We recommend a critical medical decision point for selecting the best method to measure low testosterone concentrations between immunoassays and the LC-MS/MS method. Below the medical decision point, it would be better to measure testosterone concentrations using LC-MS/MS than using immunoassays. Based on our findings and those of other studies, the medical decision points for selecting the best testosterone measurement method as well as for showing the positive bias of various immunoassays are as follows: 0.48 ng/mL (1.67 nmol/L) (the present study), 0.55 ng/mL (1.90 nmol/L) [
6], 1.00 ng/mL (3.47 nmol/L) [
18], and 0.50 ng/mL (1.73 nmol/L) [
19]. Thus, serum testosterone concentrations of 0.48–1.00 ng/mL (1.67–3.47 nmol/L) can be considered medical decision points to select the best measurement method in clinical laboratories. We suggest a limit of 0.48 ng/mL (1.67 nmol/L), which is the upper limit of the RI for women of 20–49 years of age based on UPLC-MS/MS.

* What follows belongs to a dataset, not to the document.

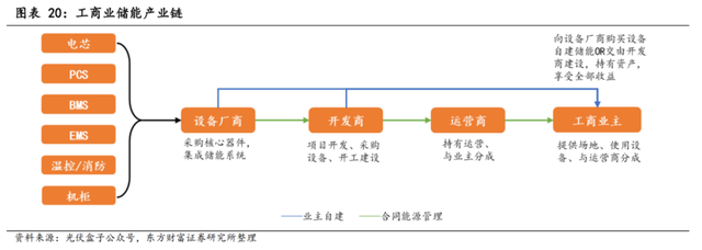 東方財富證券認(rèn)為,工商業(yè)儲能產(chǎn)業(yè)鏈中,核心變量在于開發(fā)商和運營商,目前的競爭格局呈現(xiàn)出百花齊放的局面,而開發(fā)商和運營商的競爭重點在于市場開拓能力。

There are several Korean studies on LC-MS/MS-based measurement of testosterone concentrations [
25-
27]. Testosterone in neonates has been measured using dried blood spot multiplexed steroid profiling using LC-MS/MS [
25]. Serum testosterone has been measured for monitoring chemical castration agents [
26] and for serum steroid profiling in healthy children and adults [
27] using LC-MS/MS. However, there are less than three institutions providing LC-MS/MS clinical services and that too in limited situations.
In conclusion, we developed a UPLC-MS/MS method for measuring low total testosterone concentrations and compared it with an immunoassay. We demonstrated its adequate performance characteristics. Method accuracy was demonstrated by the UPLC-MS/MS analysis results of SRM materials and by participating in several accuracy-based proficiency testing programs. Our method has lower LLOQ values and a wider linearity range than conventional immunoassays. It enables precisely measuring low total testosterone concentrations, especially in children and women, in Korea.